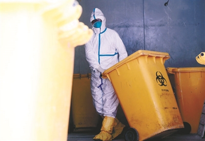 该院疾病预防控制科科长景红告诉记者,在每个隔离病房内,都有固定点位放置医疗废弃物的垃圾桶。“在病房里产生的医疗废物,以及新冠肺炎患者的生活垃圾都视为医疗废物,需要集中处理。”
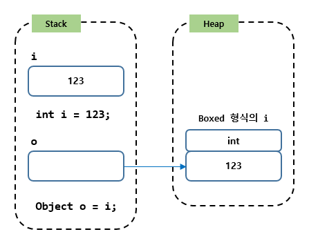 Stack 영역에 있는 i 값이 o로 변환되면서, Heap 영역에 object 형식으로 선언되고, 값이 복사 된다. o는 Stack 영역에 존재하며 Boxed된 i의 주소 값을 가지고 있고, 보통 Boxing은 암시적으로 되며, 명시적으로도 가능하다.
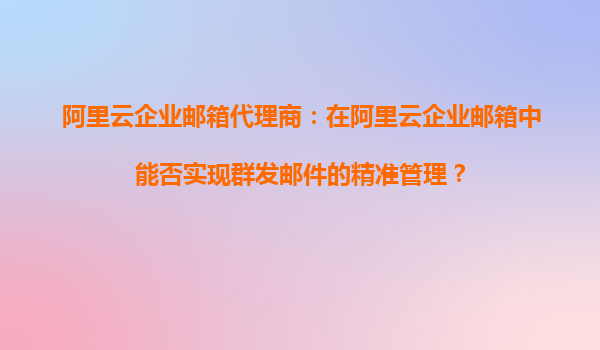 阿里云企业邮箱代理商:在阿里云企业邮箱中能否实现群发邮件的精准管理? 一、阿里云企业邮箱的群发邮件功能概述 阿里云企业邮箱作为一款专业的企业级邮件服务,提供了强大的群发邮件功能。通过其
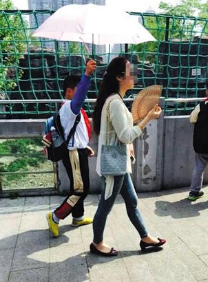 近日,网友爆料,一名女子让男孩为她打伞。照片中女子手里拿着扇子,男孩撑伞跟随其后。
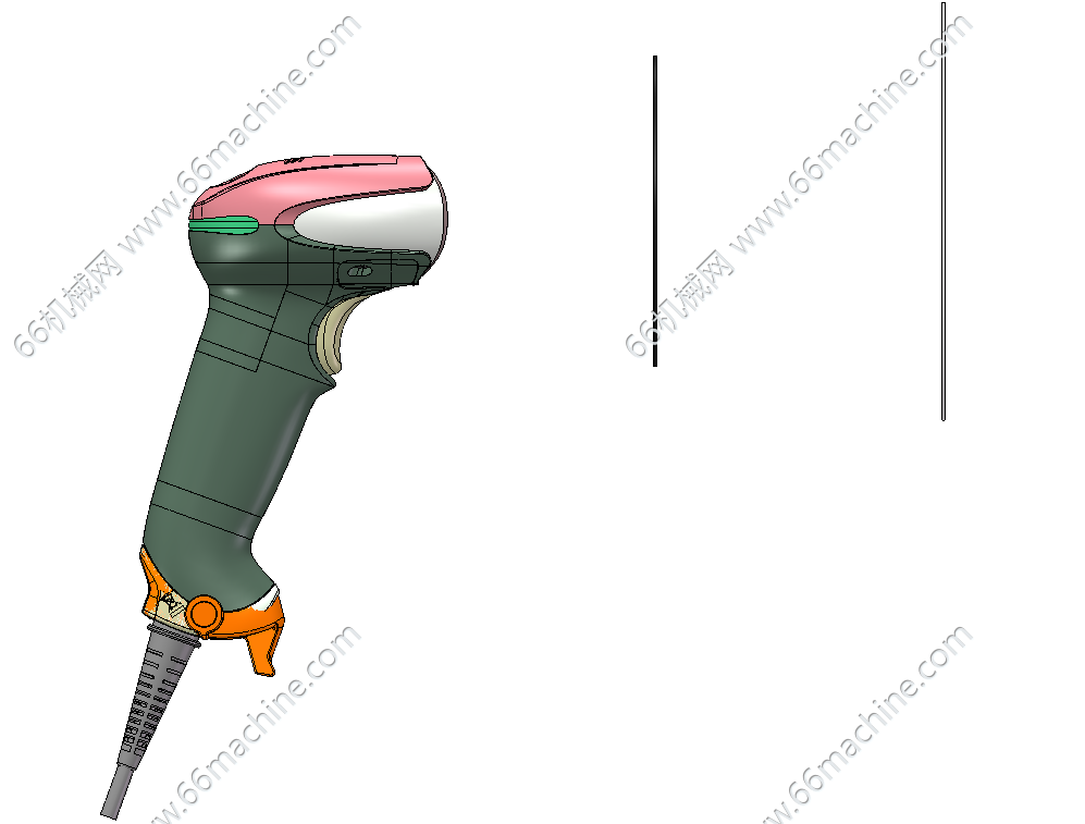 本模型为手持式扫码枪,可以通过扫码枪读取产品表面的条形码或者二维码的信息,并且连接到电脑或者工控机上面,通过网线进行数据的传输。可以直接套用,节省建模时间!

════════════════════

__ASSIGNMENT__. The result should be a verbatim copy of the data, free of pictures.

__ANSWER TO THE PROBLEM__.
 该院疾病预防控制科科长景红告诉记者,在每个隔离病房内,都有固定点位放置医疗废弃物的垃圾桶。“在病房里产生的医疗废物,以及新冠肺炎患者的生活垃圾都视为医疗废物,需要集中处理。”
 Stack 영역에 있는 i 값이 o로 변환되면서, Heap 영역에 object 형식으로 선언되고, 값이 복사 된다. o는 Stack 영역에 존재하며 Boxed된 i의 주소 값을 가지고 있고, 보통 Boxing은 암시적으로 되며, 명시적으로도 가능하다.
 阿里云企业邮箱代理商:在阿里云企业邮箱中能否实现群发邮件的精准管理? 一、阿里云企业邮箱的群发邮件功能概述 阿里云企业邮箱作为一款专业的企业级邮件服务,提供了强大的群发邮件功能。通过其
 近日,网友爆料,一名女子让男孩为她打伞。照片中女子手里拿着扇子,男孩撑伞跟随其后。
 本模型为手持式扫码枪,可以通过扫码枪读取产品表面的条形码或者二维码的信息,并且连接到电脑或者工控机上面,通过网线进行数据的传输。可以直接套用,节省建模时间!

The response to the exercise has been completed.